▸ **Task requirements**: Ignoring every picture, return the lines of the listing below word for word, from the line that holds "1. Рамка выбора" through the line that holds "明治8(1875)年に和菓子".

▸ **Source data**:
####

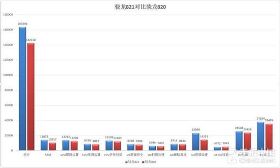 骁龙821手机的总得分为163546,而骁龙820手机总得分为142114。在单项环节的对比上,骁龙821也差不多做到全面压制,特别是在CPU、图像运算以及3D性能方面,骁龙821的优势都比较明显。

####

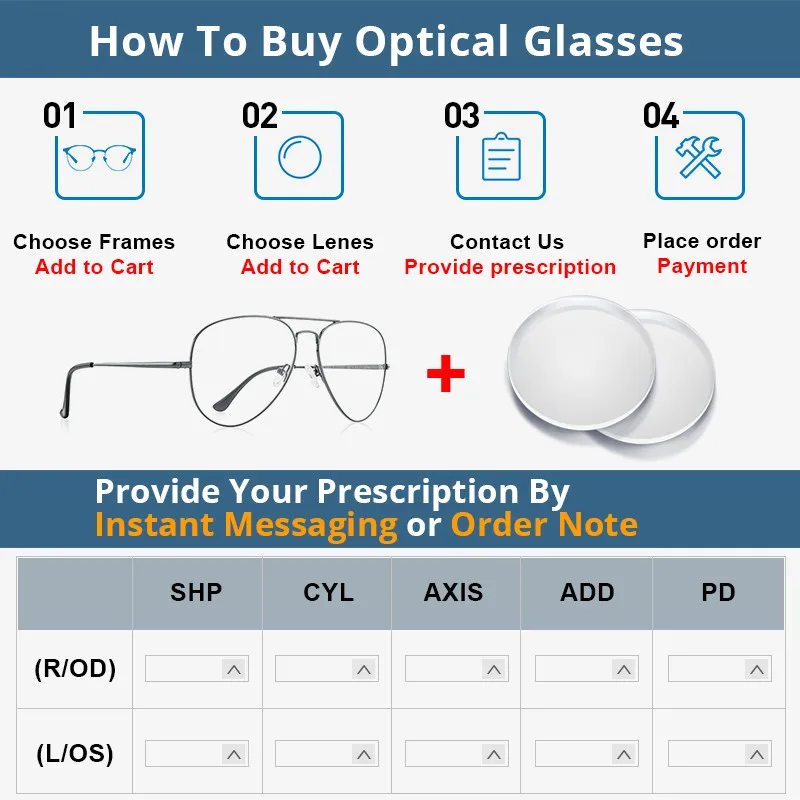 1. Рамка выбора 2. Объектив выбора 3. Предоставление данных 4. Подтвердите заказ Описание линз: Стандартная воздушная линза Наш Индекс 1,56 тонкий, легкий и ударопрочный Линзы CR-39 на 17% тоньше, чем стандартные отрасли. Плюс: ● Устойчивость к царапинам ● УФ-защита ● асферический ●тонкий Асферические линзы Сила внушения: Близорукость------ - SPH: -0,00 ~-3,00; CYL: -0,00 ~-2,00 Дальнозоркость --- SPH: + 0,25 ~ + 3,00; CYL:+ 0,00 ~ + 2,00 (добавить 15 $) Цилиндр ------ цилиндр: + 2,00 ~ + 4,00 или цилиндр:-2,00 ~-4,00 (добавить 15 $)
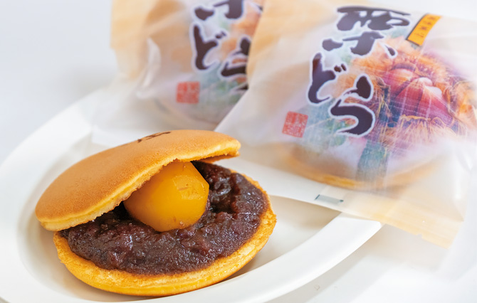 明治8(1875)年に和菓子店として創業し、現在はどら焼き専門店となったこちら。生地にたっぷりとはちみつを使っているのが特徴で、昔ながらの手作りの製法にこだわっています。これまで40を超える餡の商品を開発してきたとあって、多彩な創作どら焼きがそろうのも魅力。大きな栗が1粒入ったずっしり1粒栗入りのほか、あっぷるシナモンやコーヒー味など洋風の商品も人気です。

####

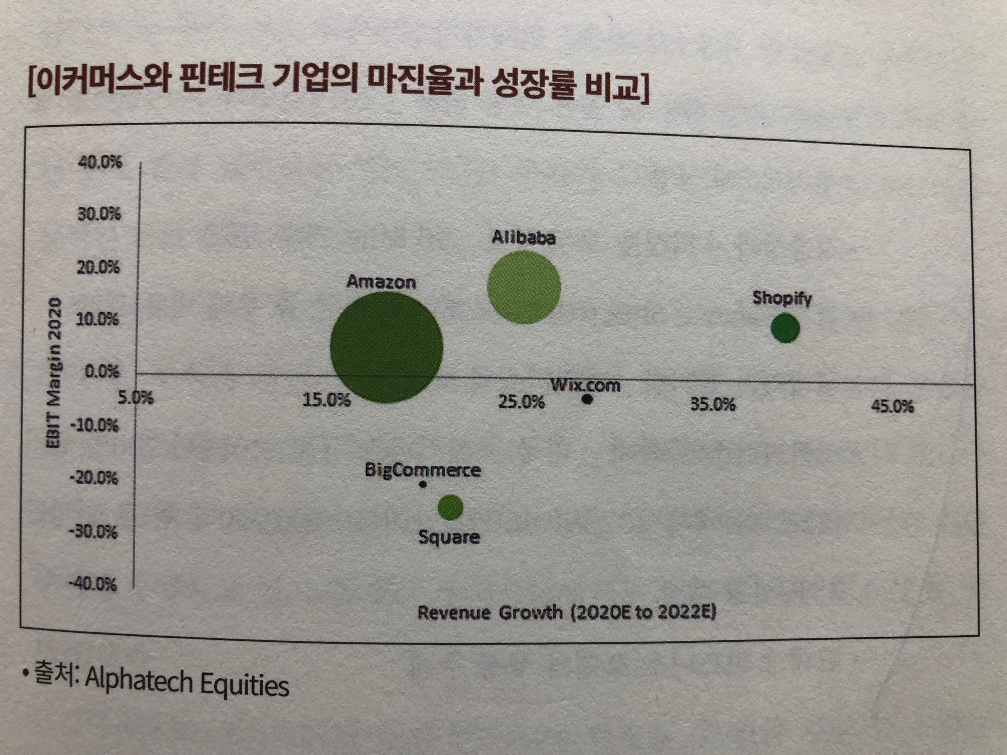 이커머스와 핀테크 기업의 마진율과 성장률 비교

####

▸ **Response area**:
 1. Рамка выбора 2. Объектив выбора 3. Предоставление данных 4. Подтвердите заказ Описание линз: Стандартная воздушная линза Наш Индекс 1,56 тонкий, легкий и ударопрочный Линзы CR-39 на 17% тоньше, чем стандартные отрасли. Плюс: ● Устойчивость к царапинам ● УФ-защита ● асферический ●тонкий Асферические линзы Сила внушения: Близорукость------ - SPH: -0,00 ~-3,00; CYL: -0,00 ~-2,00 Дальнозоркость --- SPH: + 0,25 ~ + 3,00; CYL:+ 0,00 ~ + 2,00 (добавить 15 $) Цилиндр ------ цилиндр: + 2,00 ~ + 4,00 или цилиндр:-2,00 ~-4,00 (добавить 15 $)
 明治8(1875)年に和菓子店として創業し、現在はどら焼き専門店となったこちら。生地にたっぷりとはちみつを使っているのが特徴で、昔ながらの手作りの製法にこだわっています。これまで40を超える餡の商品を開発してきたとあって、多彩な創作どら焼きがそろうのも魅力。大きな栗が1粒入ったずっしり1粒栗入りのほか、あっぷるシナモンやコーヒー味など洋風の商品も人気です。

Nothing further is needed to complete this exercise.